At the altar of higher yields, funds sacrifice ratings

Dhuraivel Gunasekaran Updated on December 17, 2018

Assets of ‘AA and below’ rated bonds have grown 10% in last one year

In their quest to strike a balance between high ratings and better returns, mutual funds seem to be increasingly gravitating towards the latter, a trend that seems to have taken roots in the last few years: for instance, over the last one year, the total assets under management (AUM) of ‘AA and below’ rated bonds have grown by 10 per cent to ₹1.96 lakh crore. On the other hand, the AUM of the highest rated ‘AAA & AA+’ bonds has fallen by 6 per cent to ₹3.76 lakh crore. Bonds rated ‘AA and AA-’, ‘A’ and ‘BBB and below’ account for 67 per cent, 30 per cent and 2 per cent of the total AUMs of ‘AA and below’ rated bonds.

The share of such ‘AA and below’ rated bonds in the overall AUM of debt funds has inched up by one percentage point to 16 per cent over the same period.

The ‘AAA and AA+’ rated bonds that are considered to be of highest credit quality still form a large chunk of the overall debt funds AUM. But, their share has fallen by 3 percentage points — to 30 per cent.

Hunt for higher yields

Debt funds allocate a certain portion of their assets in ‘AA and below’ rated debt papers to earn a higher yield.

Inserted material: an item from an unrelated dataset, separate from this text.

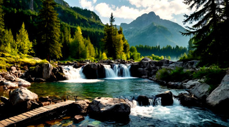 Flowing water cascades down majestic mountain range generated by artificial intelligence

Lower-rated papers carry higher coupon rates than higher-rated papers. The accrual strategy with lower-rated bonds scores over the pure duration play. In duration funds, the fund manager tries to capitalise on the 50-100 bps spread over and above the yields of 10-year government securities by shifting the maturities of ‘AAA/AA+’ corporate bonds. But in accrual play, with lower-rated bonds, the fund manager can get 100-200 bps extra, which is the spread between the 10-year government securities and the ‘AA and below’ rated corporate bonds.

Fund managers also hold the lower-rated bonds, as these bonds may be upgraded in future, which will increase the bond’s value, and by extension, the returns.

Downgrades and defaults

This hunt for higher yields weighs on debt funds since instruments offering higher rates are mostly the ones that carry a relatively higher probability of default.

Over the past three years, there have been five instances of sharp rating downgrades and defaults in the bonds including those of Amtek Auto and IL&FS that resulted in huge erosion in the NAV of some mutual funds.

Also, our analysis shows that there were 37 single-notch rating upgrades and 34 single-notch downgrades (plus five downgrades by many notches) that happened in the bonds held by mutual fund schemes over the last one year. A rating downgrade by a single notch (for instance, from ‘AA to AA-’) results in the bond yield increasing by 20-30 bps and vice versa.

Growing exposure

Our analysis shows that one-third of the debt schemes belonging to the low-risk categories invested at least 20 per cent of their assets in lower-rated bonds (as of November 2018). Over the last one year, the exposure to lower-rated bonds has been increased in categories, including medium duration, ultra-short duration, short duration and conservative hybrid.

For our analysis, we have bifurcated the rating universe into ‘AAA & AA+’ and ‘AA and below’, in line with SEBI’s new categorisation norms that allow credit risk funds to invest primarily in ‘AA and below’ rated bonds.